Action item
Exactly the lines from the one containing "don't want to" through the one containing "Figure 3 . Facades" in the listing below are to be copied, with the pictures left out.

Information
**********

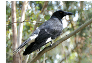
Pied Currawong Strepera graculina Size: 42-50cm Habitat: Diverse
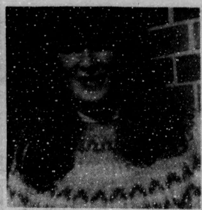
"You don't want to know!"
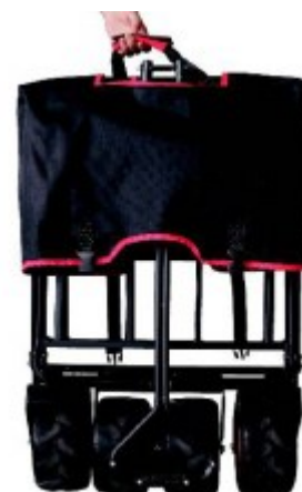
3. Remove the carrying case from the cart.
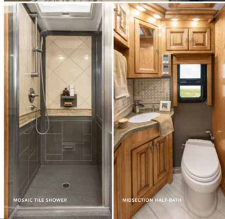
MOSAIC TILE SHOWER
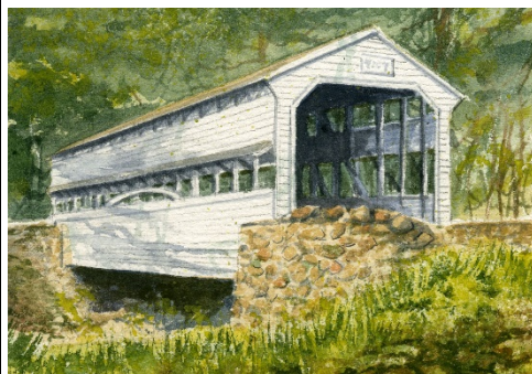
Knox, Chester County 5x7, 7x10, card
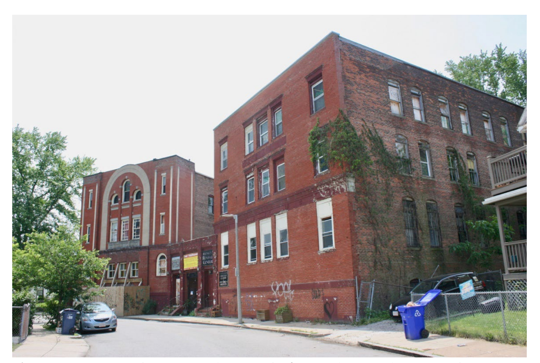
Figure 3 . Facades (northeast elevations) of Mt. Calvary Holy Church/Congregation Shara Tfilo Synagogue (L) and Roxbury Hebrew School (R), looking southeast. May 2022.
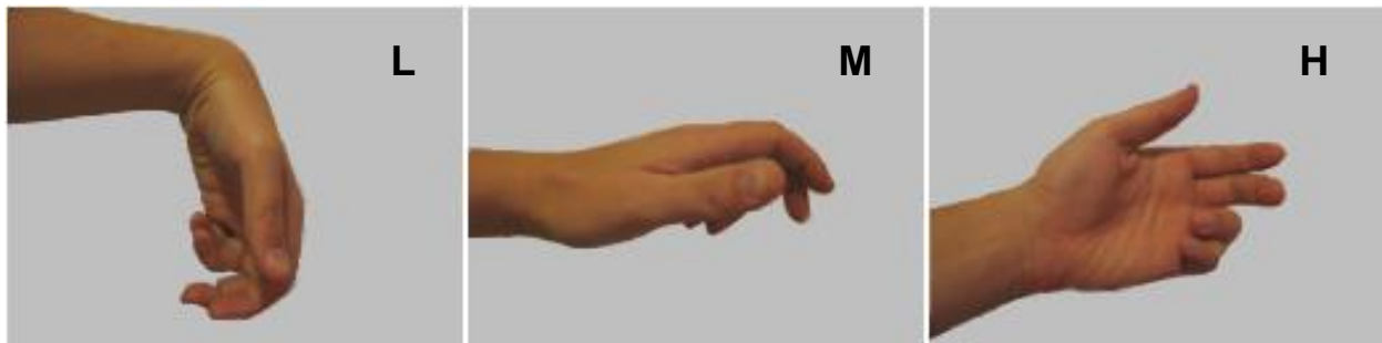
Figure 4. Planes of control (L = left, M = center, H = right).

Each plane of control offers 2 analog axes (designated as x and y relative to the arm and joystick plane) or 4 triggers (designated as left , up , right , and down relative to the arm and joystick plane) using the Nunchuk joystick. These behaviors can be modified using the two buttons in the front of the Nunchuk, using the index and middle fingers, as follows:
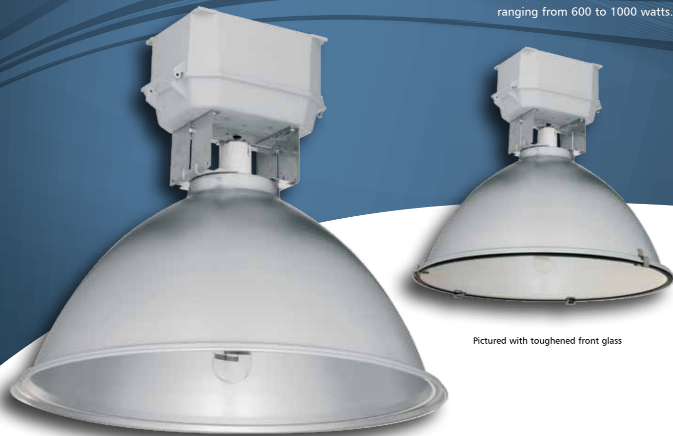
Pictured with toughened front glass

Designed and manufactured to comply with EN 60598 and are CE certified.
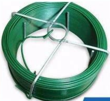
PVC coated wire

**********

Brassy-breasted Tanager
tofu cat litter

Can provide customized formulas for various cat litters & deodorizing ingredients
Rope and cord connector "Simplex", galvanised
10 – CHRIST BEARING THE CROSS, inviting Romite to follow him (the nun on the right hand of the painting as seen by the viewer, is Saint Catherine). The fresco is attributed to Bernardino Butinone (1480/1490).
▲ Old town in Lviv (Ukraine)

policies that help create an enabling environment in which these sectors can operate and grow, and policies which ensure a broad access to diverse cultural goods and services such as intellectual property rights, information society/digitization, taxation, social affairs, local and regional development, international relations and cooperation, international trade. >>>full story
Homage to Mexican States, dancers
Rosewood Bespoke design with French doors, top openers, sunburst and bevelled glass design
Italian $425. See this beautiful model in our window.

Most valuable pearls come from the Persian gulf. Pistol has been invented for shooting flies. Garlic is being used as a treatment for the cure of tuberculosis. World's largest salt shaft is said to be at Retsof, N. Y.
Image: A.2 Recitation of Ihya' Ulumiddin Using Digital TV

**********

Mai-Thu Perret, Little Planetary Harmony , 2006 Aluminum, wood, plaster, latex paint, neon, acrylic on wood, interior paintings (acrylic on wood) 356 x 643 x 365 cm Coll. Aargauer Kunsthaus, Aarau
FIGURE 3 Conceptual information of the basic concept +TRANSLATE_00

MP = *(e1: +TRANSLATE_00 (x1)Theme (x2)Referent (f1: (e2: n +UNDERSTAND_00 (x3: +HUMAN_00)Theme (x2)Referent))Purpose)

**********

Solution
"You don't want to know!"
3. Remove the carrying case from the cart.
MOSAIC TILE SHOWER
Knox, Chester County 5x7, 7x10, card
Figure 3 . Facades (northeast elevations) of Mt. Calvary Holy Church/Congregation Shara Tfilo Synagogue (L) and Roxbury Hebrew School (R), looking southeast. May 2022.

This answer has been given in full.